4: Fill canner loosely with clean pint jars standing upright. (Canners vary with how many pints they fit, but it is usually 8-10) Add water until just above rims of jars. Cover and bring to a boil. In a small pot, heat water on medium-low. Place NEW seals into small pot (do not allow
water to boil as it can ruin the effectiveness of the rubber seal).

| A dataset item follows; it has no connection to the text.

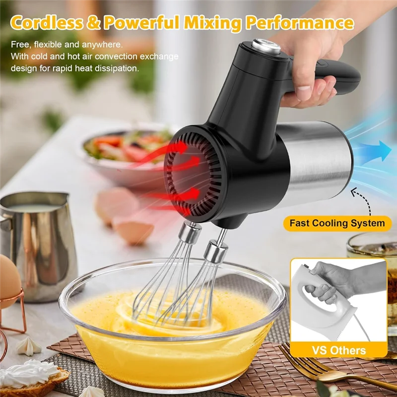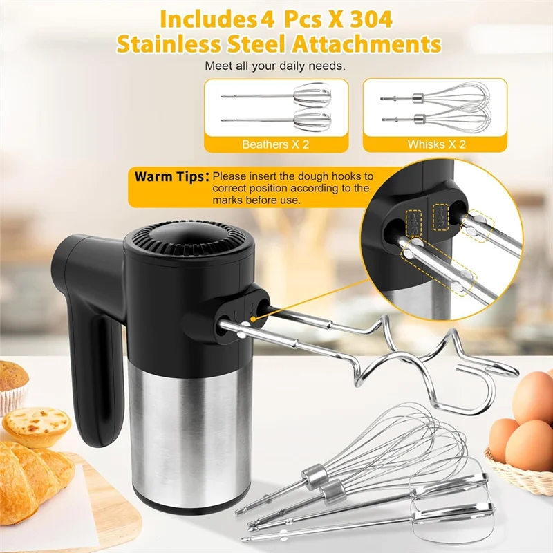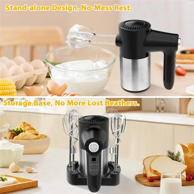 [STORAGE BASE & STAND-ALONE DESIGN] – Comes with a convenient base station to neatly store the mixer and all attachments. The stand-alone design keeps the mixer upright and your counters clean during breaks, ensuring a tidy workspace.

5: After 1 hour, stir honey, salt, vinegar, garlic
powder, paprika, and parsley flakes into salsa mixture. Take
a spoonful, allow to cool, and taste. If you don’t
like it now, you won’t like it chilled, so alter with garlic powder or salt as
needed. Cook uncovered for 45 minutes.
6: With a slotted spoon or ladle, ladle hot salsa into a hot
jar (removed from canner one at a time).
Swipe a rubber spatula along the insides of the jar to release air
bubbles. Wipe rim of jar with a damp
cloth. Center a warmed seal on top of
jar and screw a band onto the jar until finger-tip tight. Replace full jar into canner. Repeat until
all jars are filled and sealed. Water
level should be about one inch above jars.

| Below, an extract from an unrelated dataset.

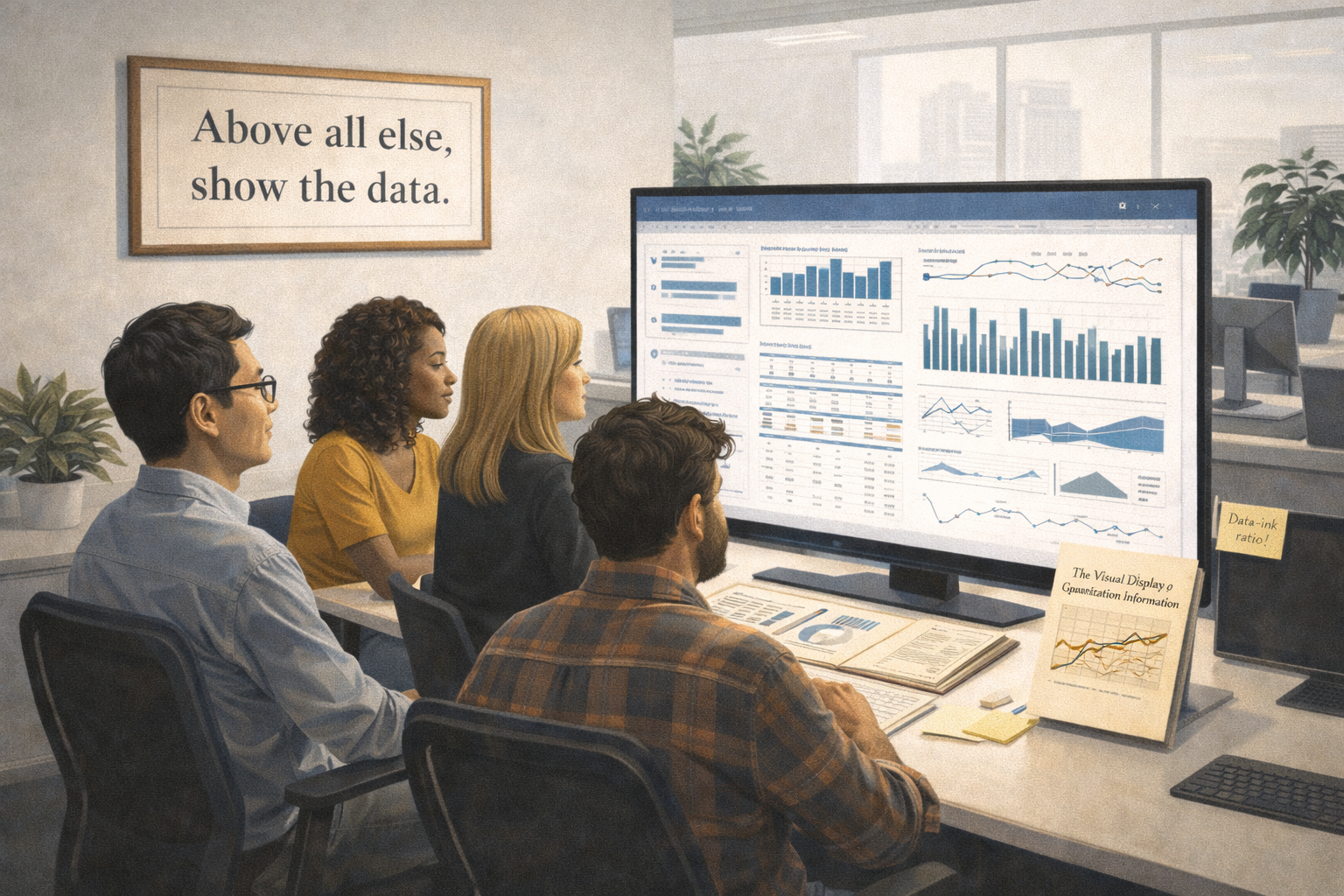 Please generate a 16:9 image in clean modernist illustration style depicting Panel 13. The scene shows a modern office environment, circa 2020s. A diverse team of data analysts, UX designers, and developers sit around a large monitor displaying a clean, well-designed interactive dashboard — a Tufte-influenced design with sparklines, small multiples, and high data density but zero chartjunk. On the wall behind them hangs a framed poster of Tufte's famous quote "Above all else, show the data." One team member has a copy of "The Visual Display of Quantitative Information" on their desk. Another has a sticky note reading "Data-ink ratio!" on their monitor. The office has modern, minimal design — clean lines, good lighting, plants. Color palette: modern office whites and light grays, with the dashboard screen showing elegant blues and blacks on white, and the book's cream cover as a warm accent. Emotional tone: Tufte's legacy alive in everyday practice — his ideas have become the water in which designers swim.Today, Edward Tufte's ideas are so deeply embedded in design practice that many people follow his principles without knowing his name. When a dashboard uses sparklines instead of gaudy gauges, that's Tufte. When a report uses small multiples to show change over time, that's Tufte. When a designer strips away gridlines, borders, and decorative fills to let the data breathe, that's Tufte. His influence flows through every well-designed data visualization on the web, in every newsroom graphic, and in every analytics tool that respects its users enough to show them the truth without distraction.

7: Cover canner and bring back to a boil. Then, time for 20
minutes. Remove canner lid and turn off
heat. Let rest 5 minutes. Remove jars carefully without tipping and set on a cooling rack. Repeat steps 4, 6, and 7 until all salsa is jarred. Remember to boil the next set of clean, empty jars as
in step 4 for at least 5 minutes before proceeding with steps 6 and 7.
8: Allow jars to cool, unmoved for 24 hours. Label
and store in a cool, dark, dry location.
Hey nice explained and very useful! Thanks for sharing.